• [WORK REQUIRED] Write the data out again, character for character, with no images.

• [DATASET EXTRACT]

________________________________________

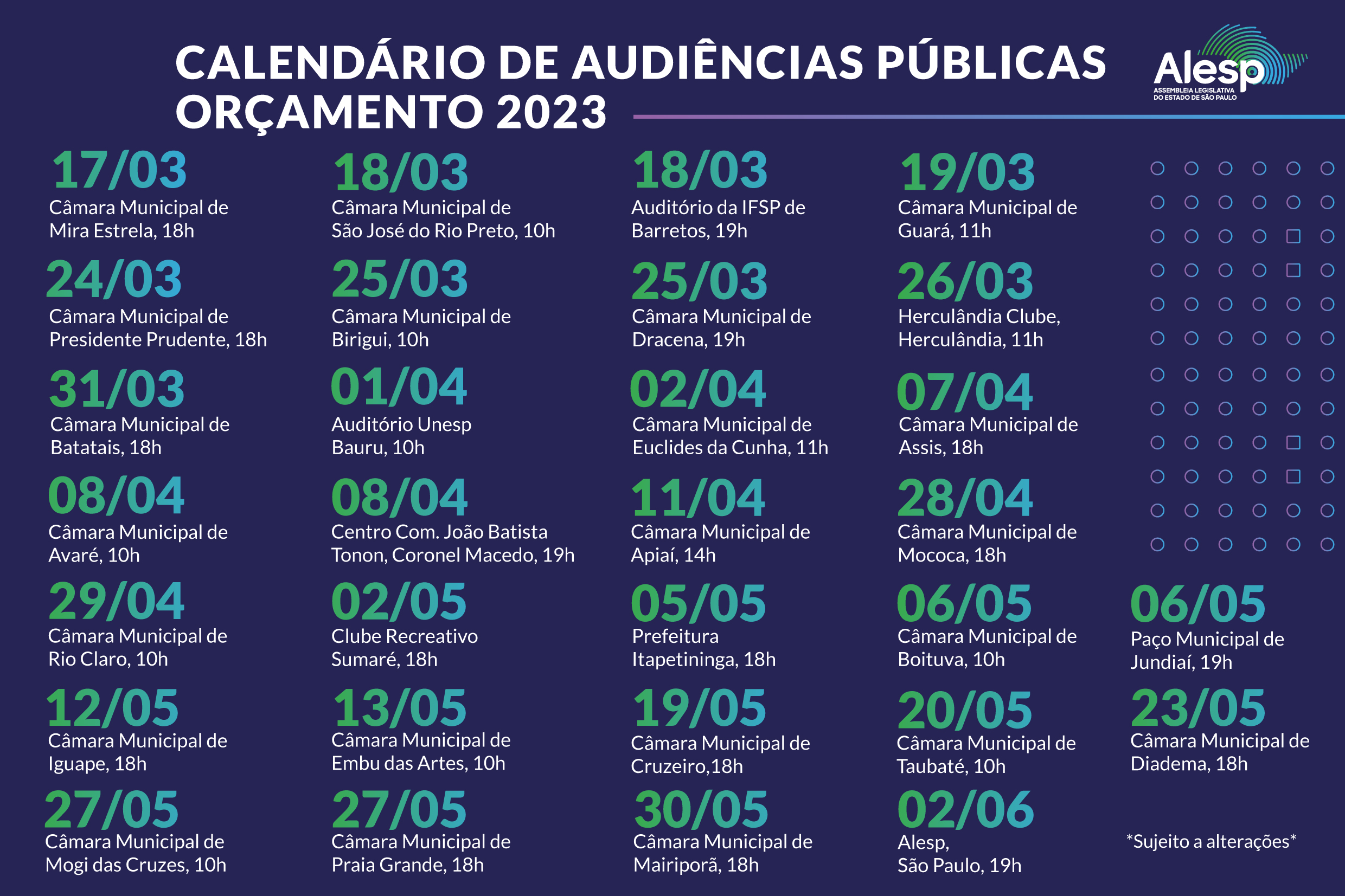 - Alesp promove nova rodada de audiências públicas para debater o Orçamento estadual de 2023
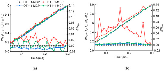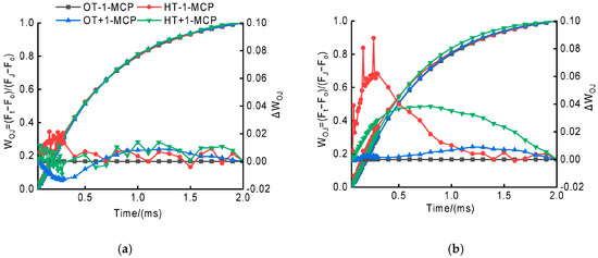 To further analyze the differences among various samples under different treatments, as reflected in the OK (Figure 2) and OJ (Figure 3) phases, additional normalizations (left vertical axis) and corresponding subtractions (difference kinetics; right vertical axis) were applied. As shown in Figure 2a,b, the results demonstrated that exposure to heat stress led to a notable reduction in energetic connectivity, as indicated by positive L-bands (Figure 2a), with the strongest effects in heat-sensitive accessions (Figure 2b). By contrast, plants treated with 1-MCP displayed higher connectivity compared to the untreated control for the two groups of accessions. Enhanced connectivity contributed to more efficient utilization of excitation energy and greater system stability [38].
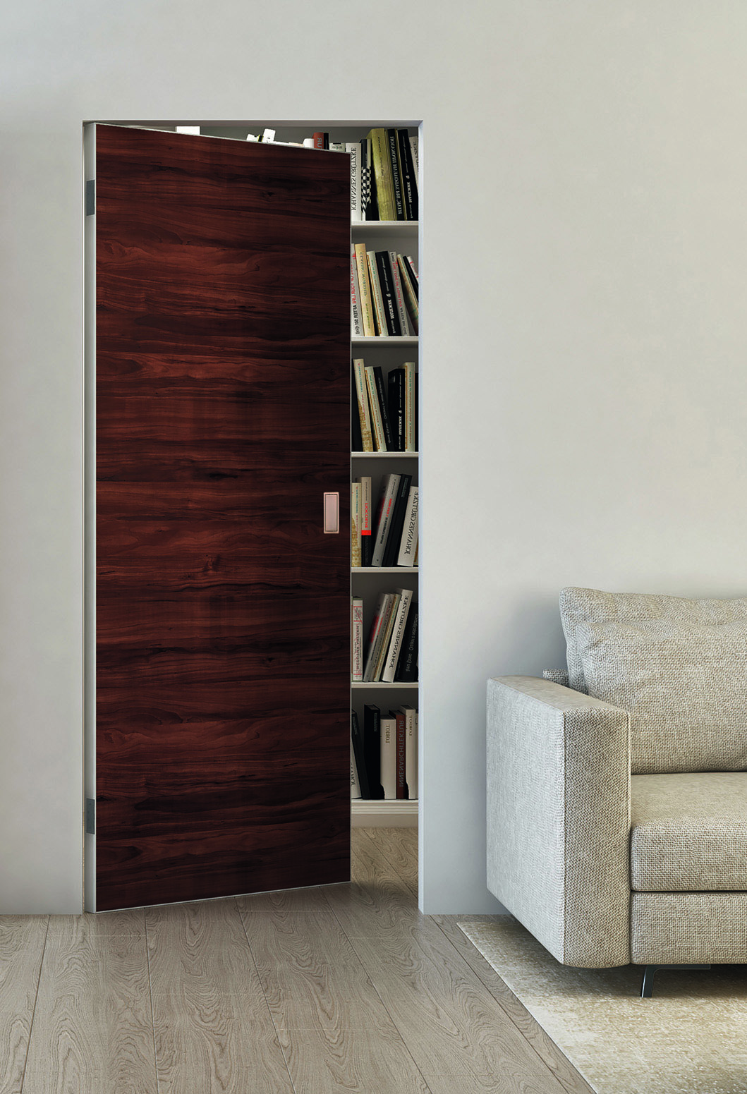 Um dem Architekten mehr Flexibilität bei der Raumgestaltung zu geben, bietet Kontura unterschiedliche Öffnungsrichtungen an. Die Tür kann durch Drücken oder Ziehen geöffnet und links sowie rechts angeschlagen montiert werden. Auch hohe technische Anforderungen, sodass die Zarge nahezu unsichtbar ist und das Türblatt flächenbündig in der Wand verschwindet, meistert das intelligente System. Die Zarge verfügt über eine Anputzkante, die einen perfekten Abschluss ermöglicht. Alle Aussparungen für Türbänder und Schließbleche sind werksseitig ausgeführt, sodass die Montage des Türblatts problemlos gelingt.

________________________________________

• [ANSWER BOX]
 - Alesp promove nova rodada de audiências públicas para debater o Orçamento estadual de 2023
 To further analyze the differences among various samples under different treatments, as reflected in the OK (Figure 2) and OJ (Figure 3) phases, additional normalizations (left vertical axis) and corresponding subtractions (difference kinetics; right vertical axis) were applied. As shown in Figure 2a,b, the results demonstrated that exposure to heat stress led to a notable reduction in energetic connectivity, as indicated by positive L-bands (Figure 2a), with the strongest effects in heat-sensitive accessions (Figure 2b). By contrast, plants treated with 1-MCP displayed higher connectivity compared to the untreated control for the two groups of accessions. Enhanced connectivity contributed to more efficient utilization of excitation energy and greater system stability [38].
 Um dem Architekten mehr Flexibilität bei der Raumgestaltung zu geben, bietet Kontura unterschiedliche Öffnungsrichtungen an. Die Tür kann durch Drücken oder Ziehen geöffnet und links sowie rechts angeschlagen montiert werden. Auch hohe technische Anforderungen, sodass die Zarge nahezu unsichtbar ist und das Türblatt flächenbündig in der Wand verschwindet, meistert das intelligente System. Die Zarge verfügt über eine Anputzkante, die einen perfekten Abschluss ermöglicht. Alle Aussparungen für Türbänder und Schließbleche sind werksseitig ausgeführt, sodass die Montage des Türblatts problemlos gelingt.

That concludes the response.